Monitoring with @Aspect

java
/**
 * Automatically measure all @Monitored methods
 */
@Aspect
@Component
public class MonitoringAspect {

    private final MeterRegistry meterRegistry;

    @Around("@annotation(monitored)")
    public Object monitor(ProceedingJoinPoint joinPoint,
                         Monitored monitored) throws Throwable {

        String methodName = joinPoint.getSignature().getName();
        Timer timer = meterRegistry.timer("method.execution." + methodName);

        try {
            return timer.recordCallable(() -> {
                try {
                    return joinPoint.proceed();
                } catch (Throwable e) {
                    meterRegistry.counter("method.errors." + methodName).increment();
                    throw e;
                }
            });
        } catch (Exception e) {
            throw e;
        }
    }
}

// Usage: Just add @Monitored annotation
@Service
public class UserService {

    @Monitored
    public User createUser(CreateUserRequest request) {
        // Automatically tracked!
    }
}

// Metrics generated:
// method.execution.createUser
// method.errors.createUser

Health Indicators

Custom Health Checks

java
/**
 * Create custom health indicator for your dependencies
 */
@Component
public class PaymentServiceHealthIndicator extends AbstractHealthIndicator {

    private final PaymentServiceClient paymentClient;

    @Override
    protected void doHealthCheck(Health.Builder builder) throws Exception {
        try {
            // Try to call payment service
            boolean isHealthy = paymentClient.ping();

            if (isHealthy) {
                builder.up()
                    .withDetail("service", "Payment Service")
                    .withDetail("status", "operational")
                    .withDetail("latency_ms", 50);
            } else {
                builder.down()
                    .withDetail("reason", "Payment service not responding");
            }
        } catch (Exception e) {
            builder.down()
                .withException(e)
                .withDetail("error", e.getMessage());
        }
    }
}

// GET /actuator/health returns:
{
  "status": "UP",
  "components": {
    "paymentServiceHealthIndicator": {
      "status": "UP",
      "details": {
        "service": "Payment Service",
        "status": "operational",
        "latency_ms": 50
      }
    },
    "db": {
      "status": "UP"
    }
  }
}

Health Groups (For Kubernetes)

yaml
# application.yml
management:
  health:
    # Liveness: Is the app alive? (if false, restart container)
    livenessState:
      enabled: true

    # Readiness: Can the app handle traffic? (if false, route traffic elsewhere)
    readinessState:
      enabled: true

    group:
      # Only check essential systems for liveness
      liveness:
        include: livenessState

      # Check all systems for readiness
      readiness:
        include: readinessState,db,paymentServiceHealthIndicator
bash
# Kubernetes uses these:
# Liveness: GET /actuator/health/liveness
# Response: {"status": "UP"} or {"status": "DOWN"}
# Action: If DOWN → restart pod
#
# Readiness: GET /actuator/health/readiness
# Response: {"status": "UP"} or {"status": "DOWN"}
# Action: If DOWN → remove from service load balancer

Monitoring in Production

Export to Prometheus

xml
<!-- Add Prometheus support -->
<dependency>
    <groupId>io.micrometer</groupId>
    <artifactId>micrometer-registry-prometheus</artifactId>
</dependency>

<!-- Automatically exposes /actuator/prometheus endpoint -->
yaml
# application.yml
management:
  endpoints:
    web:
      exposure:
        include: health,metrics,prometheus
  metrics:
    export:
      prometheus:
        enabled: true
text
GET /actuator/prometheus

Response: Prometheus format (readable by Prometheus scraper)

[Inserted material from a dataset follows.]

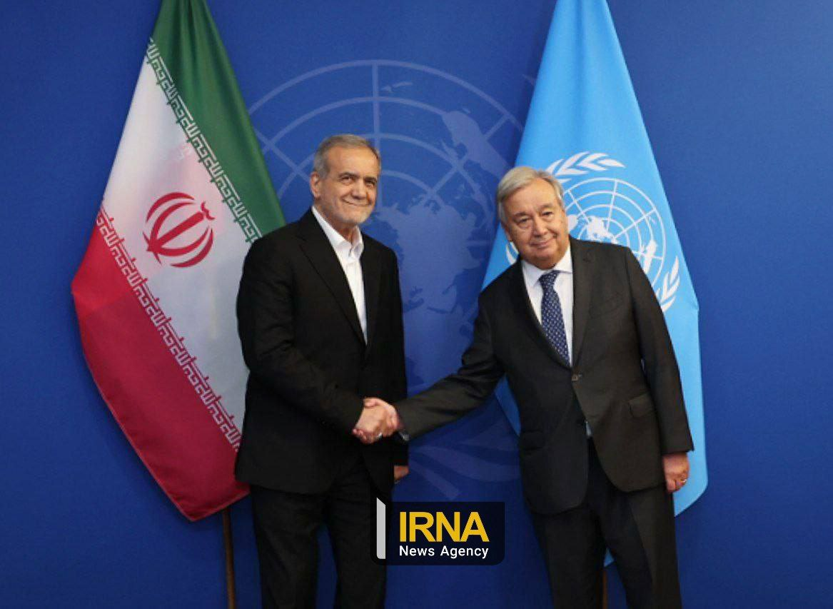 مسعود پزشکیان در حاشیه مجمع عمومی سازمان ملل با آنتونیو گوترش، دبیرکل سازمان ملل، درباره جنگ در غزه، و همچنین وضعیت لبنان و یمن گفتوگو کردند.

# HELP jvm_memory_used_bytes The amount of used memory
# TYPE jvm_memory_used_bytes gauge
jvm_memory_used_bytes{area="heap"} 350000000
jvm_memory_used_bytes{area="nonheap"} 50000000

# Prometheus periodically pulls this (every 30 seconds)
# Stores in time-series database
# You can query and alert on it

Prometheus Configuration

yaml
# prometheus.yml
global:
  scrape_interval: 15s

scrape_configs:
  - job_name: "spring-boot-app"
    static_configs:
      - targets: ["localhost:8080"]
    metrics_path: "/actuator/prometheus"

Grafana Dashboards

text
Prometheus → Grafana (dashboards and alerts)

Grafana queries Prometheus:
- "Give me avg response time over last hour"
- "Give me error rate per endpoint"
- "Alert if memory > 80%"

Grafana displays:
- Beautiful graphs
- Real-time dashboards
- Alert notifications

Spring Boot Metrics Stack

text
Your Application
Spring Boot Actuator (MeterRegistry)
Micrometer (vendor-agnostic metrics)
Prometheus (time-series database)
Grafana (visualization & alerting)
PagerDuty (alert notifications)

Best Practices

✅ DO: Expose Only Necessary Endpoints

yaml
# ✅ Good - Production config
management:
  endpoints:
    web:
      exposure:
        include: health,metrics,prometheus,info
      exclude: env,configprops,shutdown

❌ DON'T: Expose Everything

yaml
# ❌ Bad - Dangerous in production
management:
  endpoints:
    web:
      exposure:
        include: "*" # Exposes everything!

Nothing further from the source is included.